Work instructions ::
Exact reproduction is required for the lines below starting at the line with "Men's Brown Distressed" and ending at the line with "Excellent condition polyester", both included. No other lines, and no pictures.

*** Opening of Records provided ***

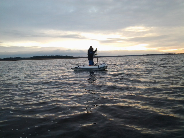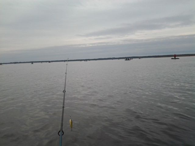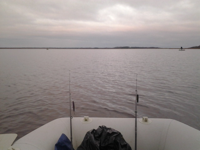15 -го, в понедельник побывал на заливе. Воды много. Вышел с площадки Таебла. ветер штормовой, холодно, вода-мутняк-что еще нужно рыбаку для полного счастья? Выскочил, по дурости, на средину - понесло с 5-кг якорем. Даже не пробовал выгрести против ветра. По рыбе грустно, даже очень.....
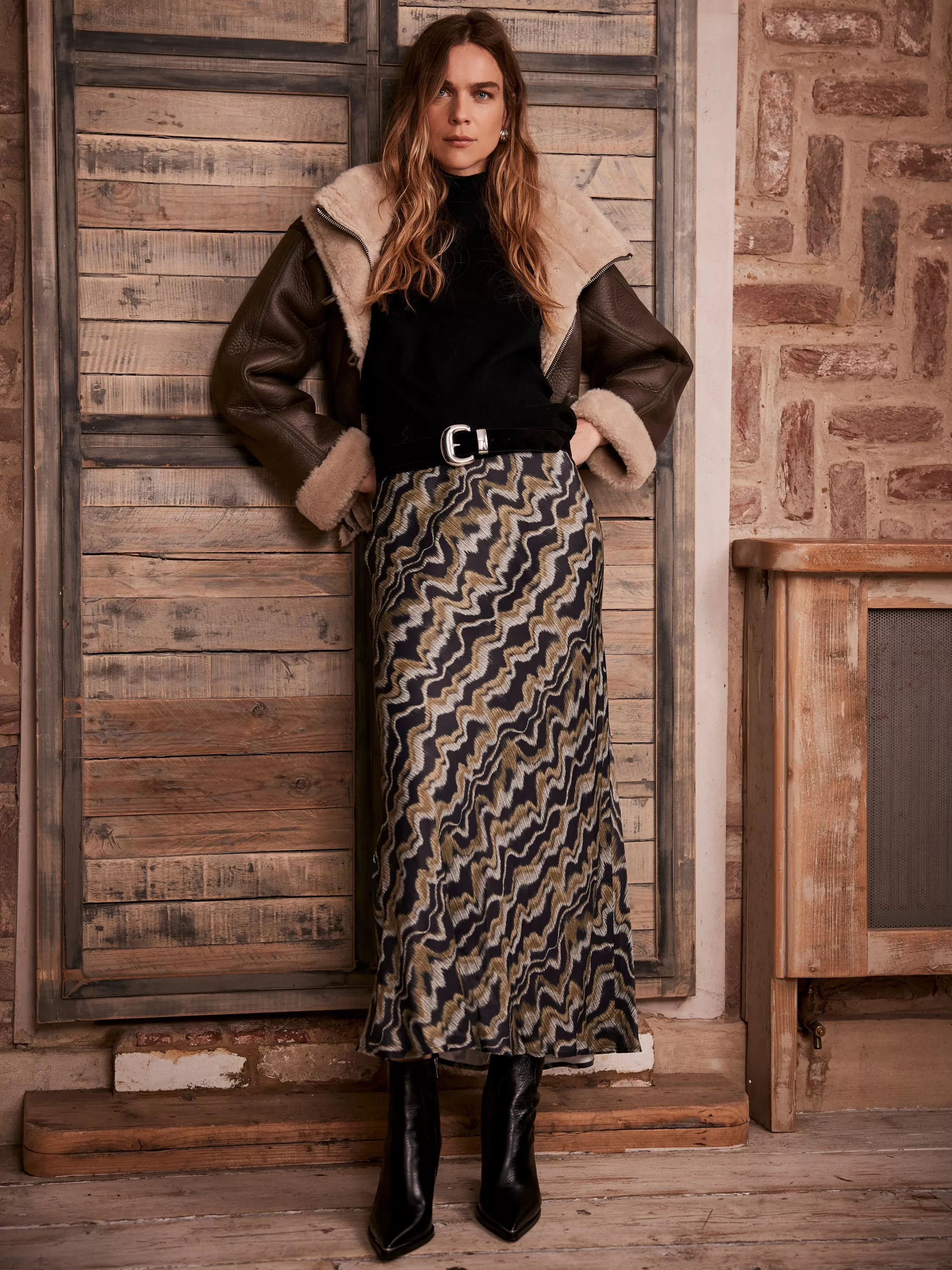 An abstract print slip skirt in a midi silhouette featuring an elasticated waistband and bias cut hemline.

*** Close of Records provided ***
*** Opening of Records provided ***

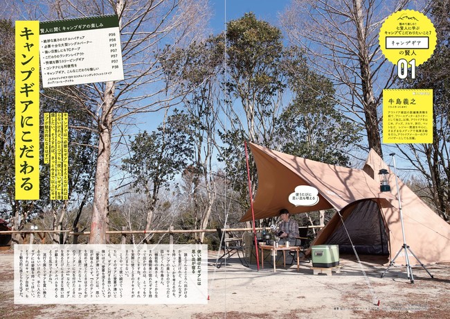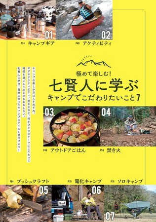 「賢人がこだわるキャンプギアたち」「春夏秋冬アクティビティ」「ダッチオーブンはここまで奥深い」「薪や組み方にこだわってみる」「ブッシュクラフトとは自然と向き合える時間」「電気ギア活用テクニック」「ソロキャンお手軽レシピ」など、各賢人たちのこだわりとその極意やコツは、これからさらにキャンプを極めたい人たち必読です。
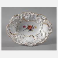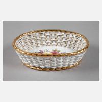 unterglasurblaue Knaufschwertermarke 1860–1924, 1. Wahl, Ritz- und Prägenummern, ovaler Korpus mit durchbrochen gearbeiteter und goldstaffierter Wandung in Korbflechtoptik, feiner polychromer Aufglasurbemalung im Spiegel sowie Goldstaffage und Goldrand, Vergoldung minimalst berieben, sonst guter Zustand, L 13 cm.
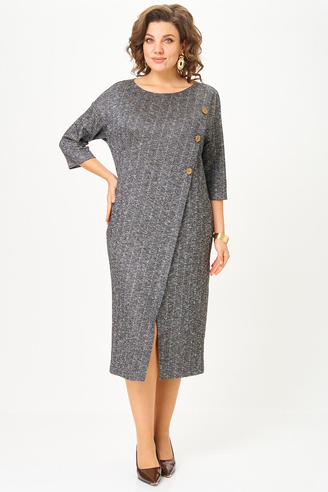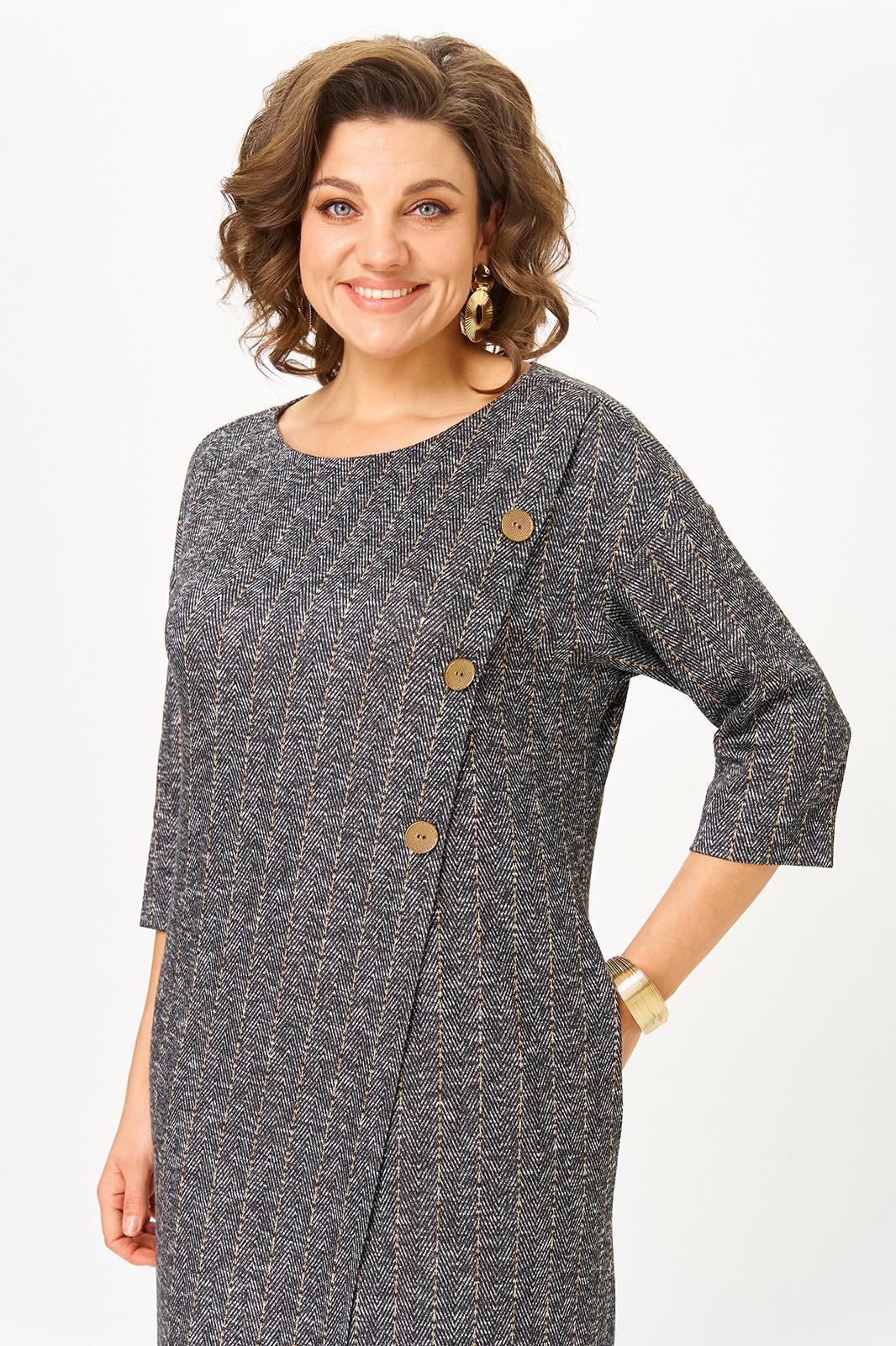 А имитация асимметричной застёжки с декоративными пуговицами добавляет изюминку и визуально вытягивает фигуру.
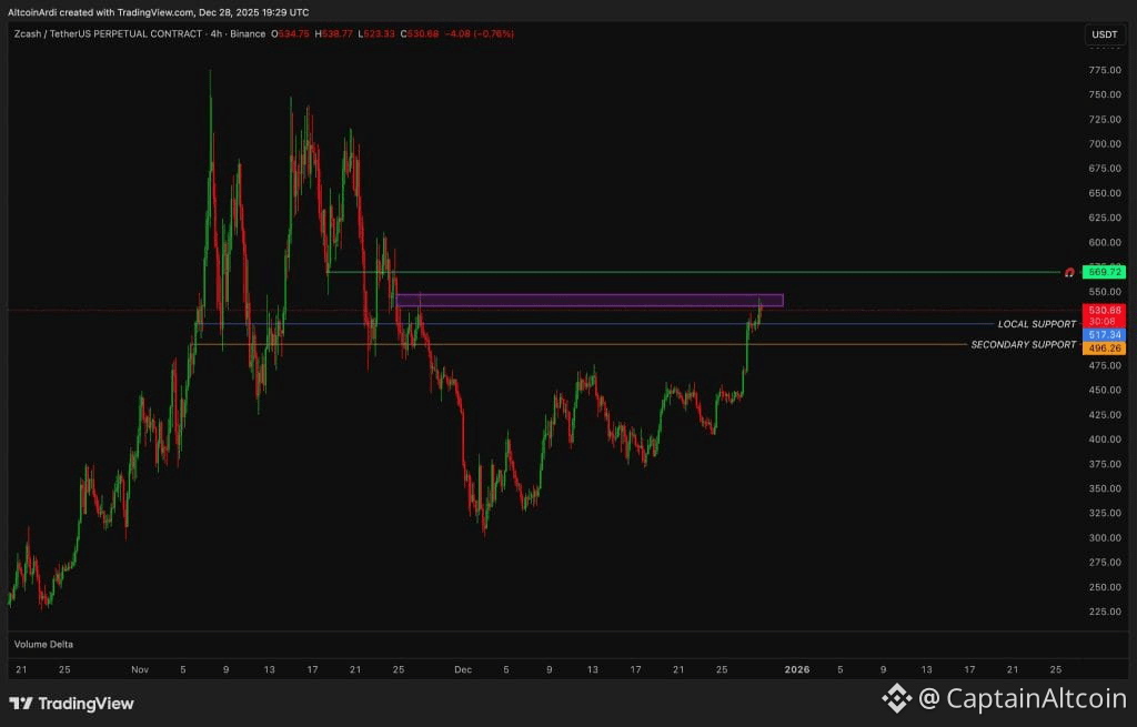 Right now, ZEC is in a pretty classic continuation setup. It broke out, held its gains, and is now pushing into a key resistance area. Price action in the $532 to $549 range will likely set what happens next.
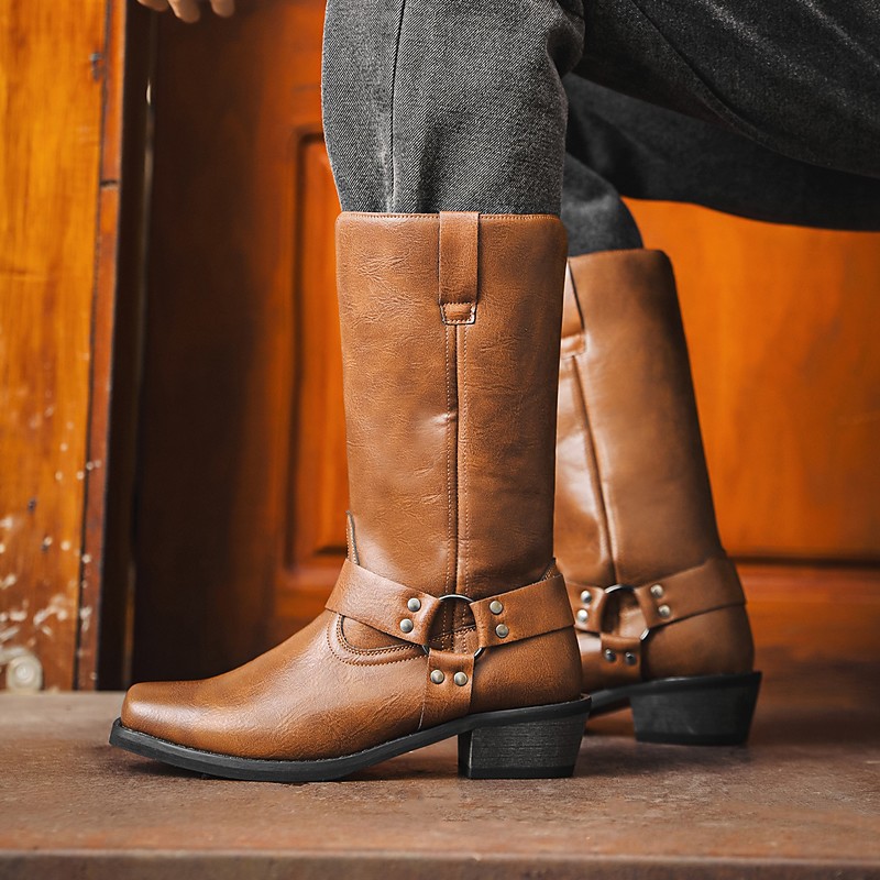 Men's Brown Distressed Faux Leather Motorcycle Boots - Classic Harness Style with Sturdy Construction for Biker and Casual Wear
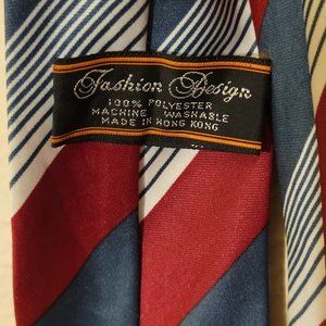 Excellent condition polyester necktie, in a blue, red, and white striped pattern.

*** Close of Records provided ***
*** Opening of Records provided ***

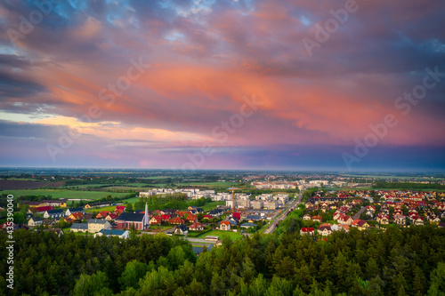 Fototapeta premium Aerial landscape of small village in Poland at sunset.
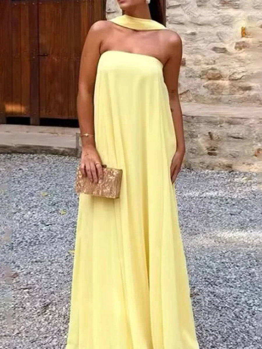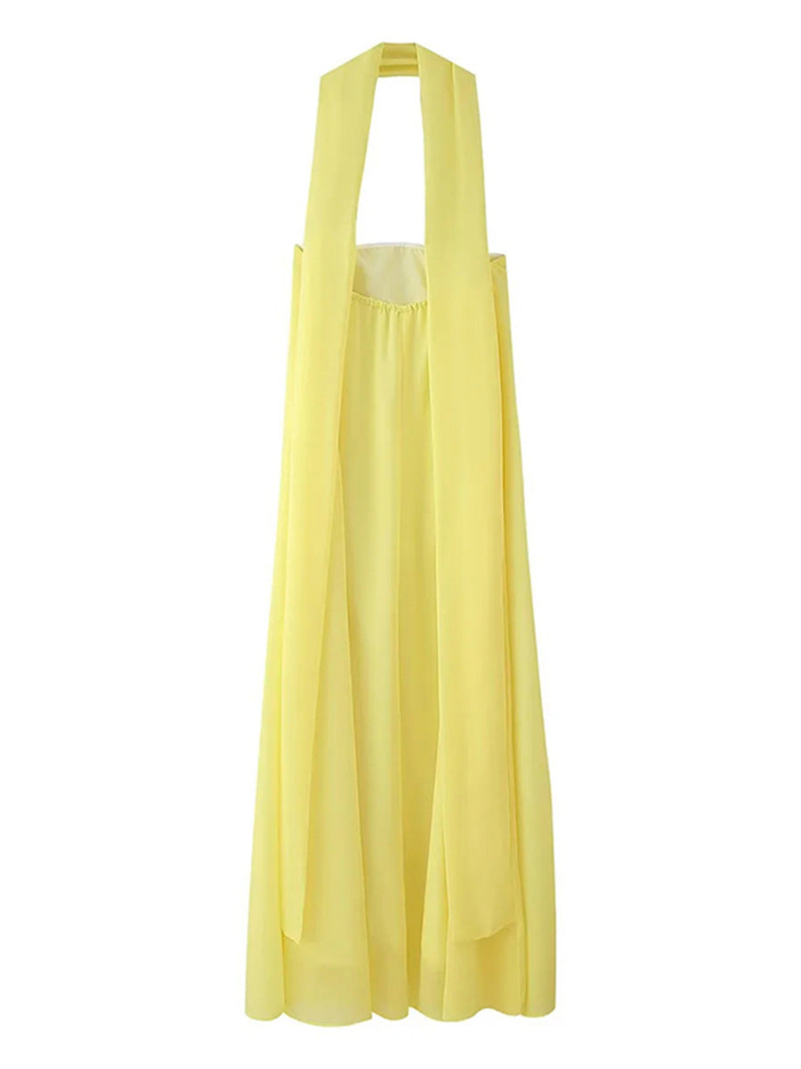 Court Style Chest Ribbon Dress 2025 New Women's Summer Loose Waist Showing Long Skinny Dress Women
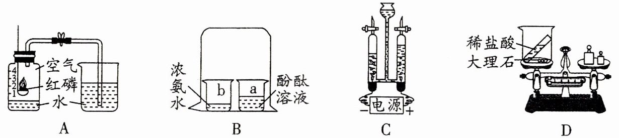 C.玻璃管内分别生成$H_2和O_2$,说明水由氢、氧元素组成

*** Close of Records provided ***

Solution to this task ::
 Men's Brown Distressed Faux Leather Motorcycle Boots - Classic Harness Style with Sturdy Construction for Biker and Casual Wear
 Excellent condition polyester necktie, in a blue, red, and white striped pattern.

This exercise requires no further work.